Re: Flink and Presto integration
Posted by
Piotr Nowojski-3 on
URL: http://deprecated-apache-flink-user-mailing-list-archive.369.s1.nabble.com/Flink-and-Presto-integration-tp32407p32441.html
Hi,
Yes, Presto (in presto-hive connector) is just using hive Metastore to get the table definitions/meta data. If you connect to the same hive Metastore with Flink, both systems should be able to see the same tables.
Piotrek
Hi Flavio,
Your requirement should be to use blink batch to read the tables in Presto?
I'm not familiar with Presto's catalog. Is it like hive Metastore?
If so, what needs to be done is similar to the hive connector.
You need to implement a catalog of presto, which translates the Presto table into a Flink table. You may need to deal with partitions, statistics, and so on.
Best,
Jingsong Lee
On Mon, Jan 27, 2020 at 9:58 PM Itamar Syn-Hershko <
[hidden email]> wrote:
Yes, Flink does batch processing by "reevaluating a stream" so to speak. Presto doesn't have sources and sinks, only catalogs (which are always allowing reads, and sometimes also writes).

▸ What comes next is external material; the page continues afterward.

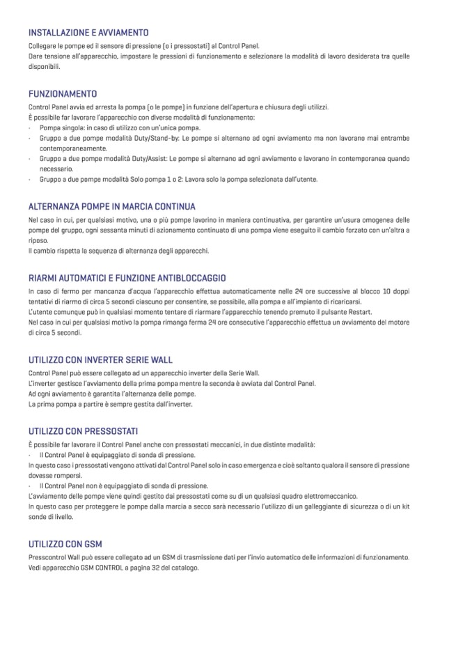 Control Panel avvia ed arresta la pompa (o le pompe) in funzione dell’apertura e chiusura degli utilizzi.

Presto catalogs are a configuration - they are managed on the node filesystem as a configuration file and nowhere else. Flink sources/sinks are programmatically configurable and are compiled into your Flink program. So that is not possible at the moment, and all that's possible to do is get that info form the API of both products and visualize that. Definitely not managing them from a single place.

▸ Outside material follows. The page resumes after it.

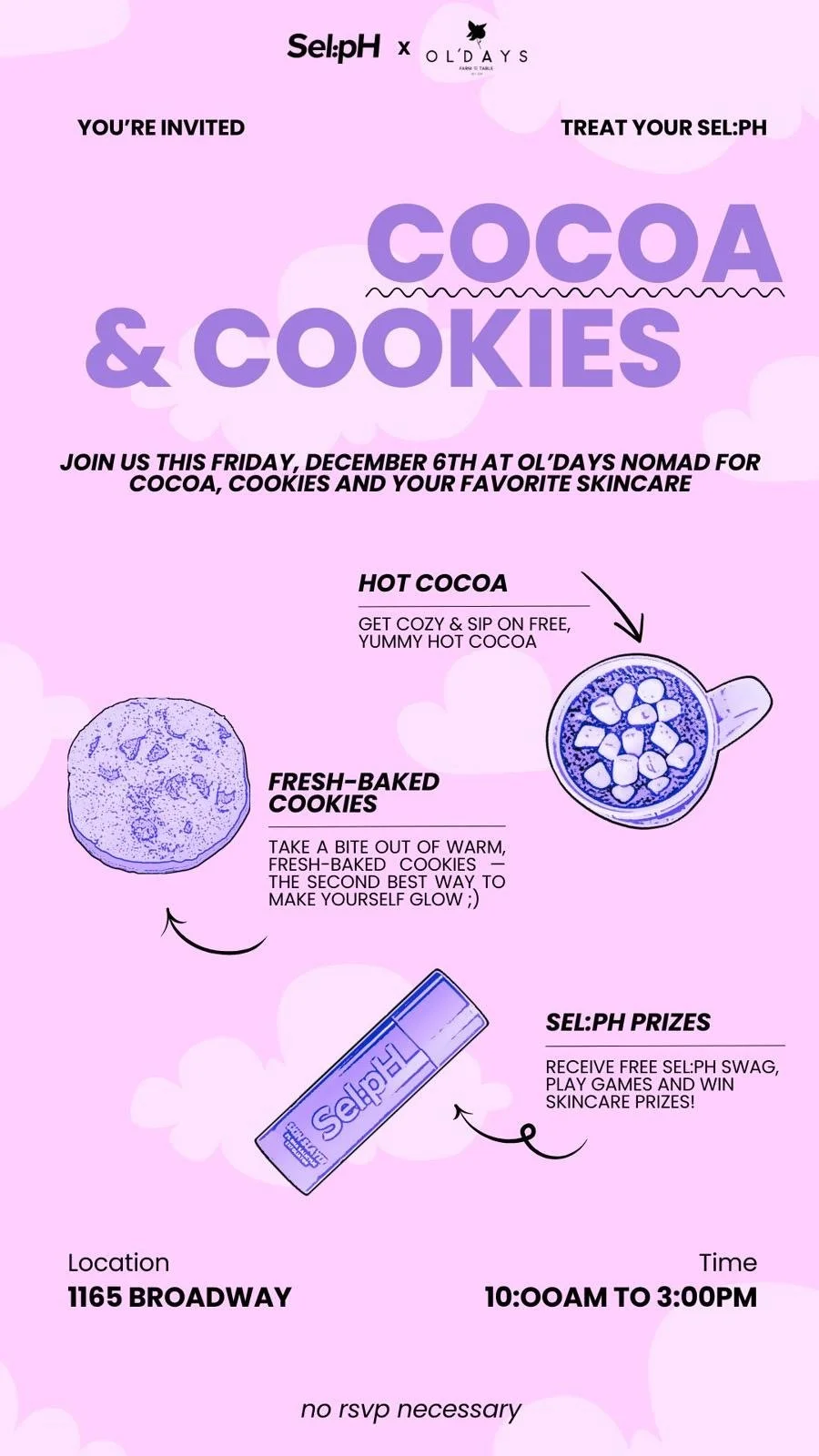 Attendees will enjoy free samples, swag, hot cocoa, and chocolate chip cookies (while supplies last).

On Mon, Jan 27, 2020 at 3:54 PM Flavio Pompermaier <
[hidden email]> wrote:
Both Presto and Flink make use of a Catalog in order to be able to read/write data from a source/sink.
I don't agree about " Flink is about processing data streams" because Flink is competitive also for the batch workloads (and this will be further improved in the next releases).

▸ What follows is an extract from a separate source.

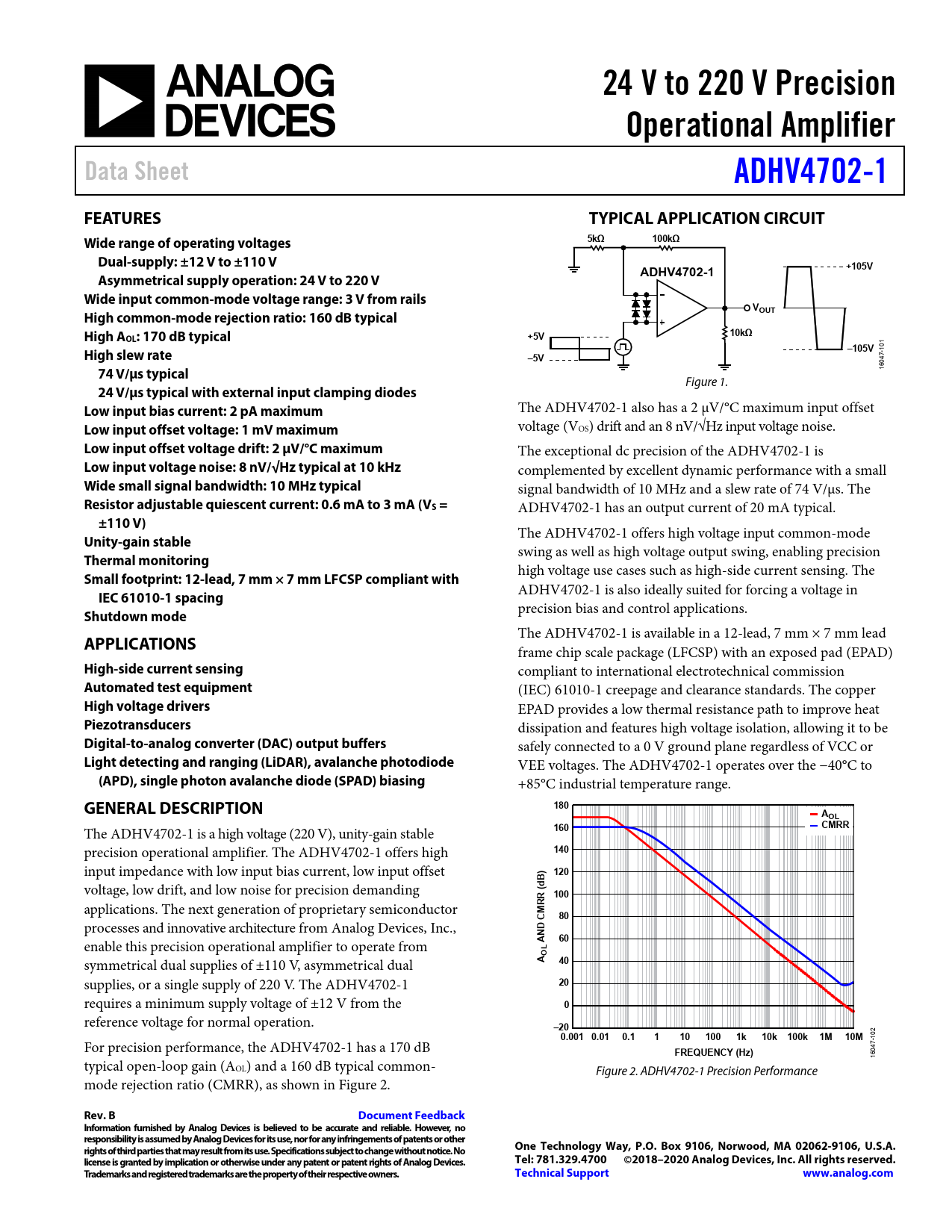 102 For precision performance, the ADHV4702-1 has a 170 dB 47-

I'd like to register my data sources/sinks in one single catalog (E.g. Presto) and then being able to reuse it also in Flink (with a simple translation).
My idea of integration here is thus more at catalog level since I would use Presto for exploring data from UI and Flink to process it because once the configuration part has finished (since I have many Flink jobs that I don't want to throw away or rewrite).
On Mon, Jan 27, 2020 at 2:30 PM Itamar Syn-Hershko <
[hidden email]> wrote:
Hi Flavio,
Presto contributor and Starburst Partners here.
Presto and Flink are solving completely different challenges. Flink is about processing data streams as they come in; Presto is about ad-hoc / periodic querying of data sources.
A typical architecture would use Flink to process data streams and write data and aggregations to some data stores (Redis, MemSQL, SQLs, Elasticsearch, etc) and then using Presto to query those data stores (and possible also others using Query Federation).
What kind of integration will you be looking for?
On Mon, Jan 27, 2020 at 1:44 PM Flavio Pompermaier <
[hidden email]> wrote:
Hi all,
is there any integration between Presto and Flink? I'd like to use Presto for the UI part (preview and so on) while using Flink for the batch processing. Do you suggest something else otherwise?
Best,
Flavio
--
--
--